*Records provided*.
◇ ◇ ◇

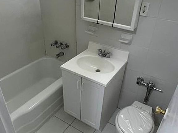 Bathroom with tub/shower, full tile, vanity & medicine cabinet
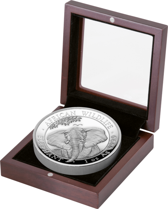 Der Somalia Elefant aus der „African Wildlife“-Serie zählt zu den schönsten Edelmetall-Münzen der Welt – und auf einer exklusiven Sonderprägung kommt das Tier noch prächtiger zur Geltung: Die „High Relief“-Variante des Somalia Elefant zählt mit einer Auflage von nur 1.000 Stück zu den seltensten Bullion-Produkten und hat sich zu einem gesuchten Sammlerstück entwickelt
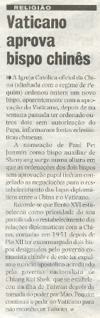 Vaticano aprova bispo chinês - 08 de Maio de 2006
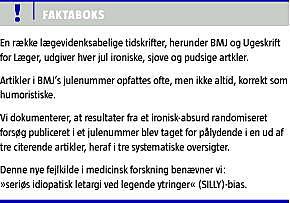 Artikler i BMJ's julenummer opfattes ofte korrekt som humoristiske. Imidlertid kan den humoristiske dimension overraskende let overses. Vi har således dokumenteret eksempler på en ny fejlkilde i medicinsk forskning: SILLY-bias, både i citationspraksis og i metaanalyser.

◇ ◇ ◇

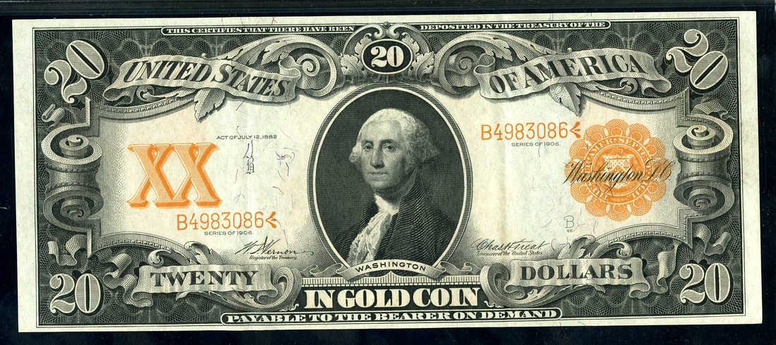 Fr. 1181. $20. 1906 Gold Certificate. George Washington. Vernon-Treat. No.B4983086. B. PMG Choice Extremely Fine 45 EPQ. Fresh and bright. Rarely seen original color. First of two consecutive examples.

◇ ◇ ◇

*What you should do*. Of the lines above, copy only those from the one holding "Bathroom with tub/shower, full" to the one holding "Artikler i BMJ's", both included, and exclude every image.

*Solution to this exercise*.
 Bathroom with tub/shower, full tile, vanity & medicine cabinet
 Der Somalia Elefant aus der „African Wildlife“-Serie zählt zu den schönsten Edelmetall-Münzen der Welt – und auf einer exklusiven Sonderprägung kommt das Tier noch prächtiger zur Geltung: Die „High Relief“-Variante des Somalia Elefant zählt mit einer Auflage von nur 1.000 Stück zu den seltensten Bullion-Produkten und hat sich zu einem gesuchten Sammlerstück entwickelt
 Vaticano aprova bispo chinês - 08 de Maio de 2006
 Artikler i BMJ's julenummer opfattes ofte korrekt som humoristiske. Imidlertid kan den humoristiske dimension overraskende let overses. Vi har således dokumenteret eksempler på en ny fejlkilde i medicinsk forskning: SILLY-bias, både i citationspraksis og i metaanalyser.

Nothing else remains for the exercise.